Prices for potash Murate, DAP and phosphoric acid, for instance, have risen up to 20 per cent in the June quarter and could impact profitability of fertilisers and nutrient players. Analysts at Edelweiss say that despite the price hike, higher raw material costs would hurt margins for fertiliser companies, which remains a key monitorable.
Similarly, the increase in chemical prices, which had impacted profitability of agro-chemicals or crop protection players during the March quarter, can prove to be spoilsport in June quarter too.
For example, Rallis’ operating profits fell by about 19 per cent during the March quarter on the back of rising input costs from China, and a higher share of generic sales, which tend to earn lower margins. Thus, analysts are awaiting June quarter numbers for further indication.
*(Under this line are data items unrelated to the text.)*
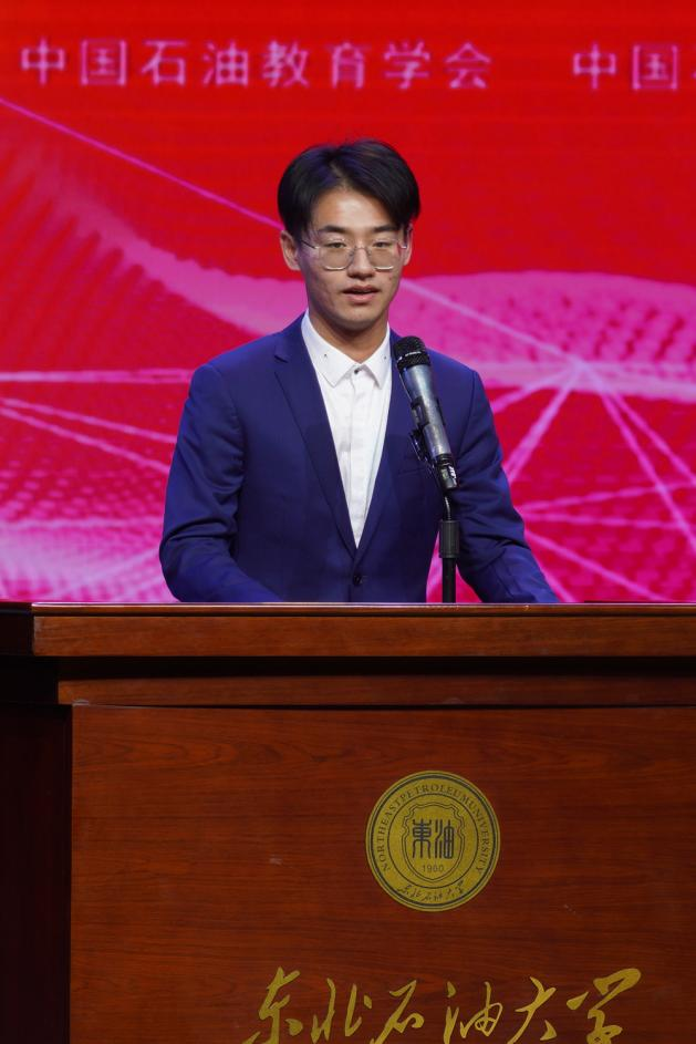 地球科学学院2021级硕士研究生孙笑凡作为获奖学生代表在闭幕式上发言。他表示,希望和队友们一起再接再厉,以赛促学、以学促能,为石油行业的发展壮大贡献力量。
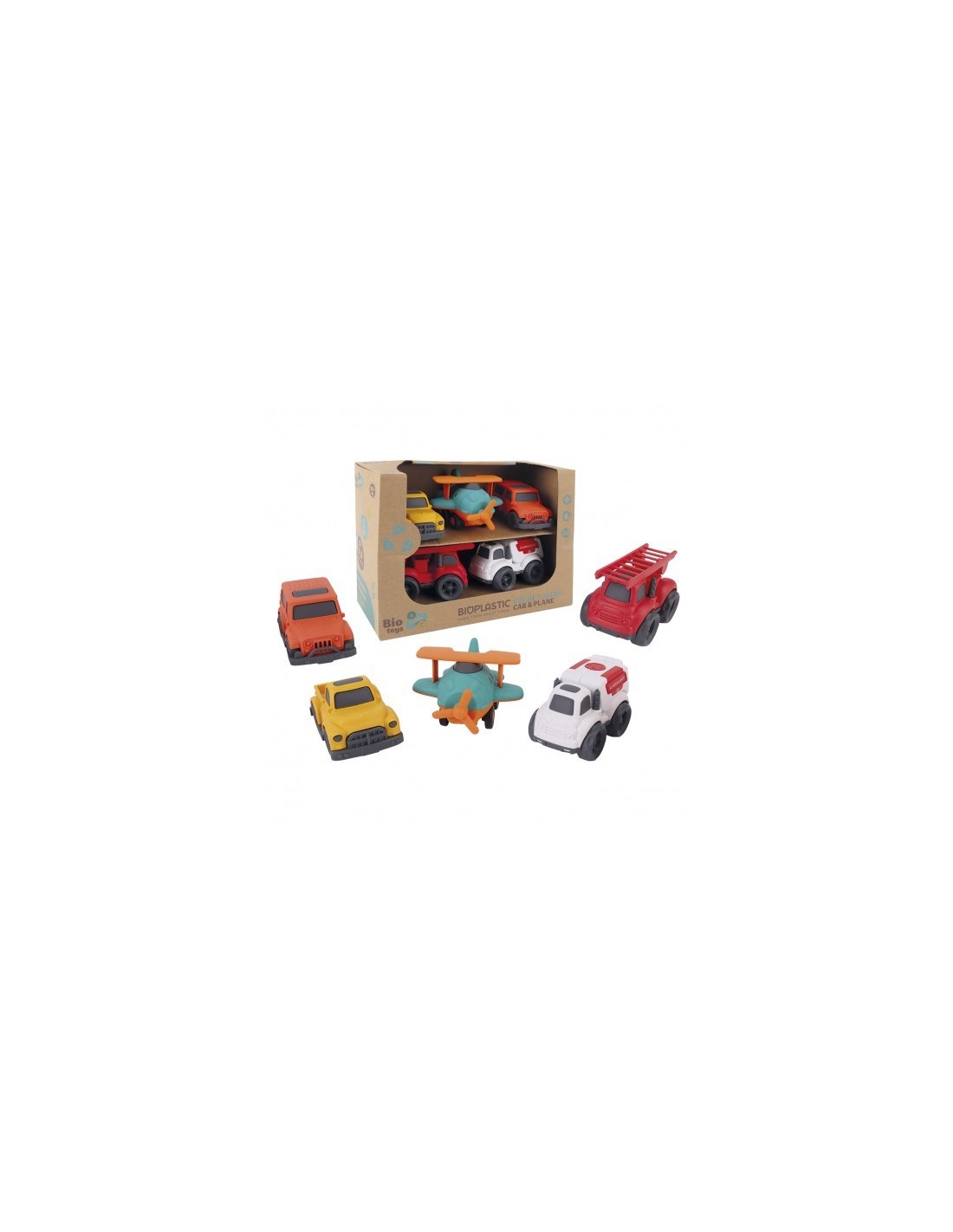 Pack vehículos con gran conciencia ecológica! Están fabricados con paja de trigo, un material natural, sostenible y seguro para los más pequeños. Su diseño suave y redondeado los hace ideales para manos pequeñas, mientras que sus colores vibrantes despiertan la imaginación. Ligeros, resistentes y respetuosos con el planeta: una forma divertida y consciente de jugar desde la infancia. Contiene dos camiones, dos vehículos y una avioneta.
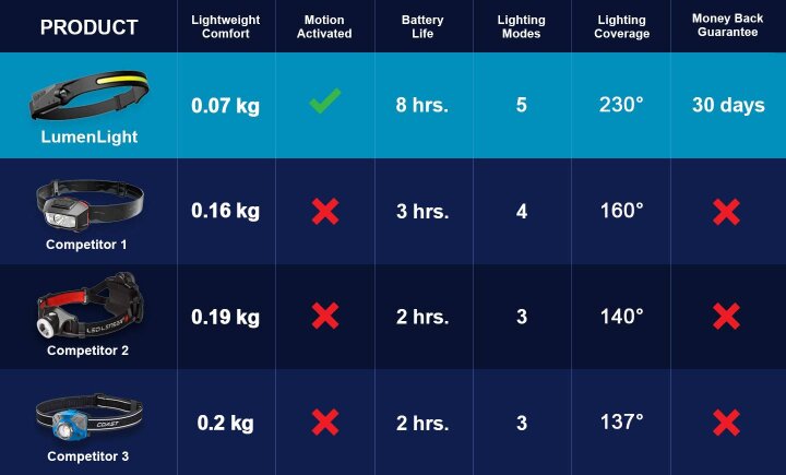 Summary: This innovative LED headlamp is decades’ most significant upgrade to the ordinary flashlight. It WILL change the way you navigate in the dark! Heavy flashlights always run out of batteries. Bumpy light that barely lights up 10 feet in front of you… …Imagine the hassle of having to change a tire in the dark while holding up a heavy flashlight in one hand! Forget all about it. This innovative headlamp features a genius design that makes multitasking possible. Perfect for adventures in the dark, work, and emergencies. It’s LumenLight, a lightweight, highly powerful headlight with the latest tech advancements built-in. Designed and distributed by a Australian company with years of experience in hi-tech gadgets, it features a number of incredible innovations. Customers praise the ‘light-as-feather’ design that doesn’t put any additional strain and weight on your gear. A motion-activated sensor lets you turn the light on/off without scrambling to find a button. Even better, 5 different light modes adapt to various tasks – whether you need the full ultra-bright wide-angle beam to light your way in the dark or a spotlight to fix your car. Engineers equipped the LumenLight Headlamp with various features that anyone can easily use regardless of their age or gender. That is why the LumenLight LED Headlamp has already been the number one best-seller gadget among both, regular folk and passionate adventurers. The LumenLight engineers focused on solving 2 of the main problems that conventional headlights and torches have: heavy weight that causes strain and light to jump around and multitasking. The result is a powerful headlamp equipped with the latest tech in a sleek and comfortable design. Super Lightweight – slimline battery, soft elastic band, and tiny LEDs mean you won’t notice it on your head even after hours! Motion Sensor Activated – wave On/Off. No need to scramble in the dark to find the button. Travels Easy – folds away to fit in a pocket easily. Ultra Wide 230° Area Lighting – you can see the path and what lies to the sides of the path, too! 5 Different Light Modes – COB high, COB low, XPE high, XPE low, and emergency strobe signal. Ultra-Bright LED beam – next-gen technology ensures the brightest light on your wide-angle beam with an additional 350-lumen spotlight. Super Low Profile – never gets in the way or gets knocked off your head! Forget the light that bounces up and down. IP6 Waterproof & Impact Resistant – a foolproof design makes this head LED light last forever, no matter the weather conditions. 1200Ah Battery – enjoy up to 8 hours of bright light. One thing is for certain: once you try the LumenLight LED Headlamp, you’ll want to tell your friends and family about it! Will it fit on a hard hat? Is it waterproof? Is it rechargeable? How does the motion sensor work? How wide is the light angle? What’s included in the package? Traditional headlamps start at well over A$200, not to mention their heavy and uncomfortable design and poor battery life. Looking at the features of the LumenLight LED Headlamp, you’d expect to pay way more than that! But it’s much, much cheaper! And you don’t even need to be sure this is the right choice — they offer a 30-day, 100% money-back guarantee. You can try the LumenLight LED Headlight and then decide if you like it. Click here to claim a discounted LumenLight LED Headlight (if it’s still available) >> That’s a small price to pay for your safety and comfort in the dark! No knockoffs, please; the real thing is essential! Don’t get stuck with some ancient prototype! Get your LumenLight LED Headlight from their official website here. As of March 31, 2025 – Ever since the LumenLight LED Headlight was on major international media, an incredible amount of buzz has been generated. Due to its popularity and positive reviews, the company is so confident in its product that they are now offering a one-time, first‑time‑buyer 70% discount. NOTE: This product is NOT available on Amazon or eBay.What Is It?
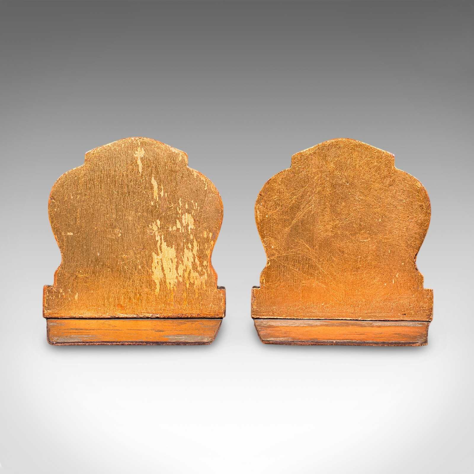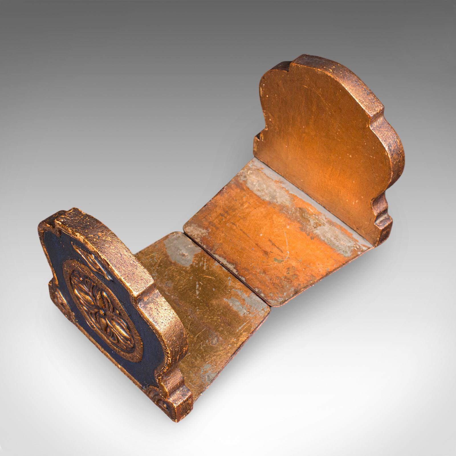 Pair Of Small Vintage Baroque Revival Bookends, Italian, Giltwood, Book Rest
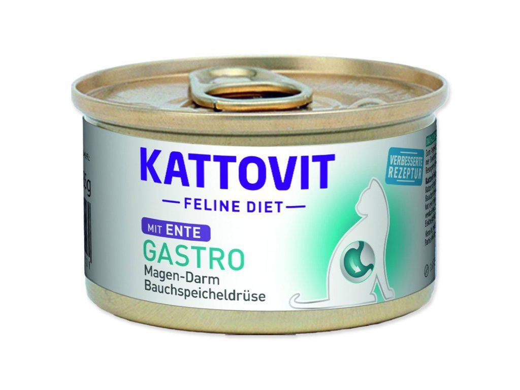 Když kočka potřebuje speciální péči, záleží na každém soustu. Kattovit Gastro s kachním je kompletní dietní krmivo, které pomáhá kompenzovat nedostatečné trávení, podporuje při exokrinní pankreatické insuficienci a přispívá ke zmírnění poruch vstřebávání ve střevě. Díky lehce stravitelné receptuře je vhodnou volbou pro každodenní krmení citlivých koček.
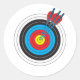 Archery shooting range target graphic with arrows hitting the bullseye.

Comparatively, seeds producers appear better placed. Rohit Nagraj at Sunidhi Securities says the opportunity for incumbents is strong, as multinational companies
are leaving seeds business in India, while rising MSPs and increasing farm credit will aid growth for players.
Though Kaveri Seeds is a preferred pick, Rallis, too, has a strong seed portfolio that can aid the company’s performance. Amongst others, analysts maintain positive outlook for UPL, PI Industries, Dhanuka Agritech and Jain Irrigation as they feel the correction is now factoring in most concerns and post results many of these could rebound.